**Excerpted data:**

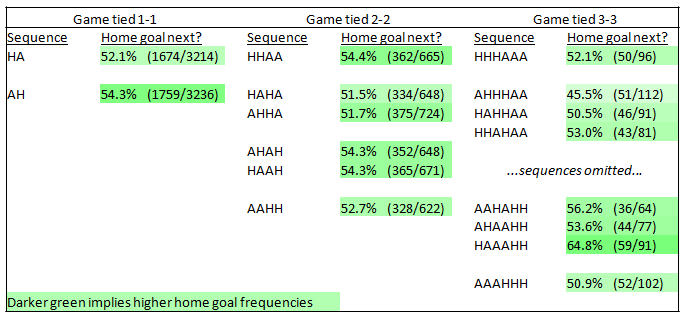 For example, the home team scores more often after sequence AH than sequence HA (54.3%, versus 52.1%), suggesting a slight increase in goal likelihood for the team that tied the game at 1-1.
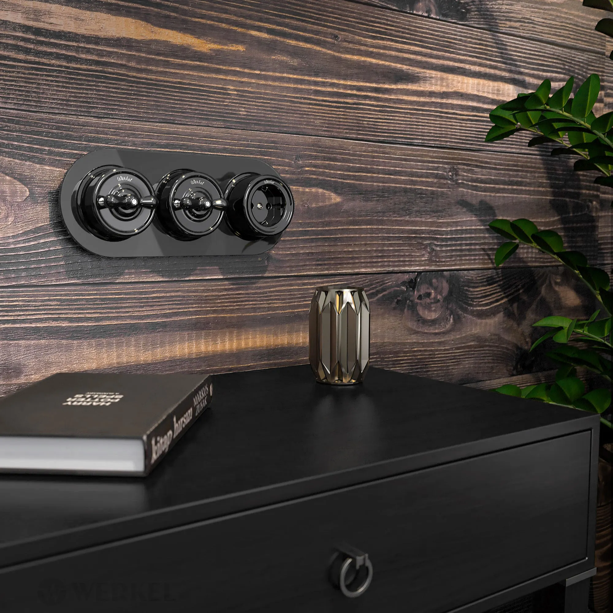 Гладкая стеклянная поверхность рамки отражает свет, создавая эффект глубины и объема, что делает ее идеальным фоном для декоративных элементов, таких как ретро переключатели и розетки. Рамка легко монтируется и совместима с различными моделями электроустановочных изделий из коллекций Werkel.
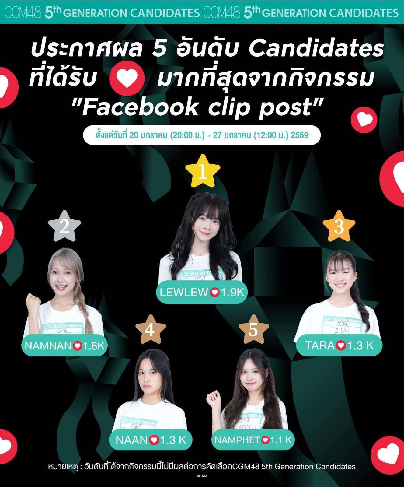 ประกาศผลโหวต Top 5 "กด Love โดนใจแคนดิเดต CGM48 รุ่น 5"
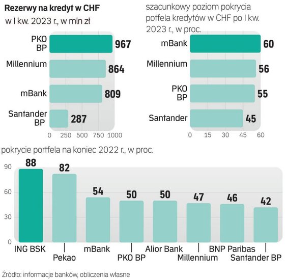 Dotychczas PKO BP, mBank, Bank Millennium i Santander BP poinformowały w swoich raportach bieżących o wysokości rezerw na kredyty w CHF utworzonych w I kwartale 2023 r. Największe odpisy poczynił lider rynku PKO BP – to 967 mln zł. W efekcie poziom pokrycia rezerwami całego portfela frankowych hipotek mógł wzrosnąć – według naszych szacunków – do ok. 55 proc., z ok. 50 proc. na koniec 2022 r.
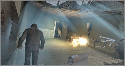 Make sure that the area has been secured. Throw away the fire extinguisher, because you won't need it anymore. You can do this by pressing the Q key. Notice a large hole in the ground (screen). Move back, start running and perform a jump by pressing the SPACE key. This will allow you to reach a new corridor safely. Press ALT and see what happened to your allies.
...
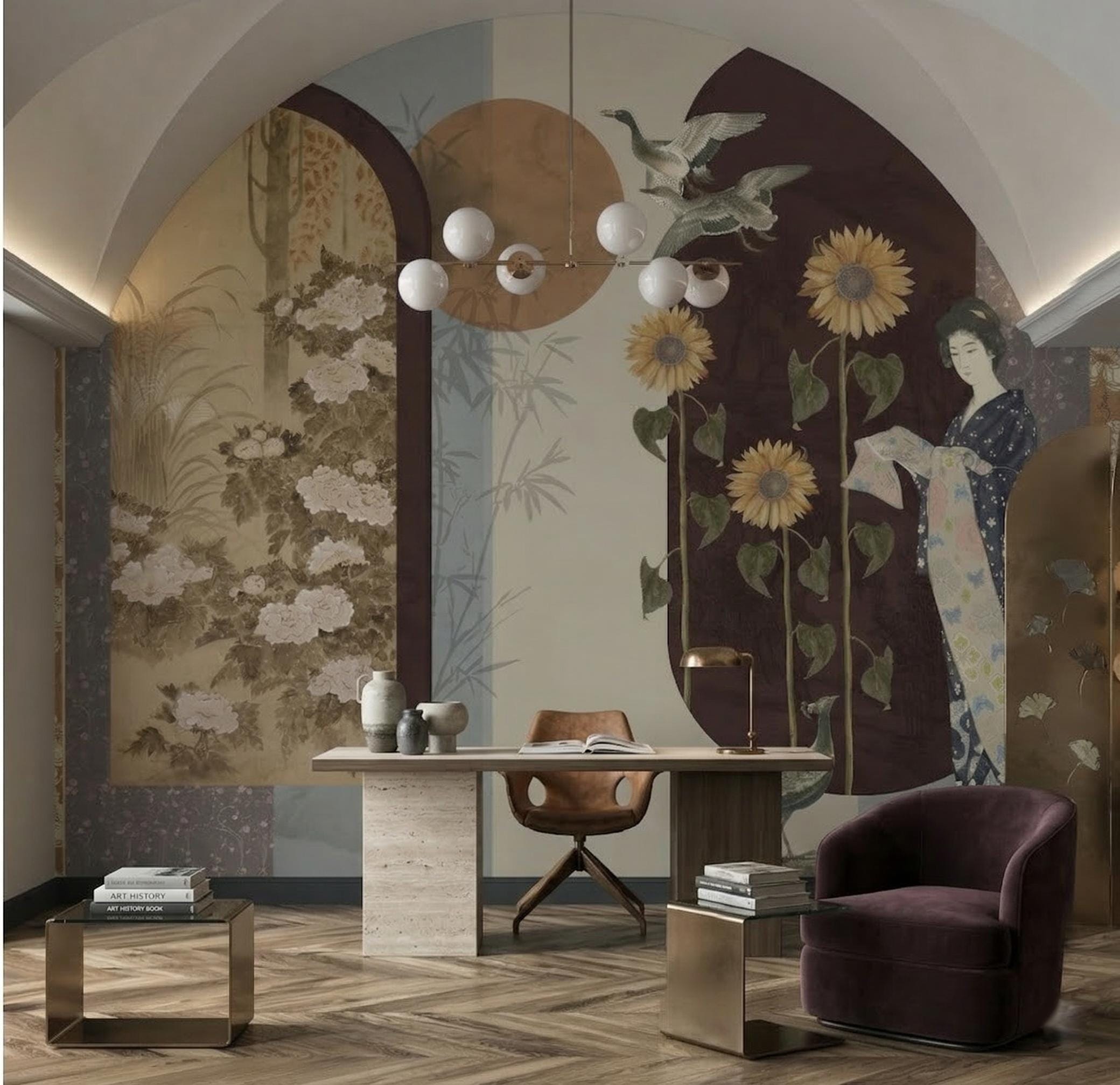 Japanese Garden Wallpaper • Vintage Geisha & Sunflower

**Problem requirements:** Starting with the line that has "For example, the" and ending with the line that has "Make sure that", repeat the lines above exactly, omitting every picture.

**Result:**
 For example, the home team scores more often after sequence AH than sequence HA (54.3%, versus 52.1%), suggesting a slight increase in goal likelihood for the team that tied the game at 1-1.
 Гладкая стеклянная поверхность рамки отражает свет, создавая эффект глубины и объема, что делает ее идеальным фоном для декоративных элементов, таких как ретро переключатели и розетки. Рамка легко монтируется и совместима с различными моделями электроустановочных изделий из коллекций Werkel.
 ประกาศผลโหวต Top 5 "กด Love โดนใจแคนดิเดต CGM48 รุ่น 5"
 Dotychczas PKO BP, mBank, Bank Millennium i Santander BP poinformowały w swoich raportach bieżących o wysokości rezerw na kredyty w CHF utworzonych w I kwartale 2023 r. Największe odpisy poczynił lider rynku PKO BP – to 967 mln zł. W efekcie poziom pokrycia rezerwami całego portfela frankowych hipotek mógł wzrosnąć – według naszych szacunków – do ok. 55 proc., z ok. 50 proc. na koniec 2022 r.
 Make sure that the area has been secured. Throw away the fire extinguisher, because you won't need it anymore. You can do this by pressing the Q key. Notice a large hole in the ground (screen). Move back, start running and perform a jump by pressing the SPACE key. This will allow you to reach a new corridor safely. Press ALT and see what happened to your allies.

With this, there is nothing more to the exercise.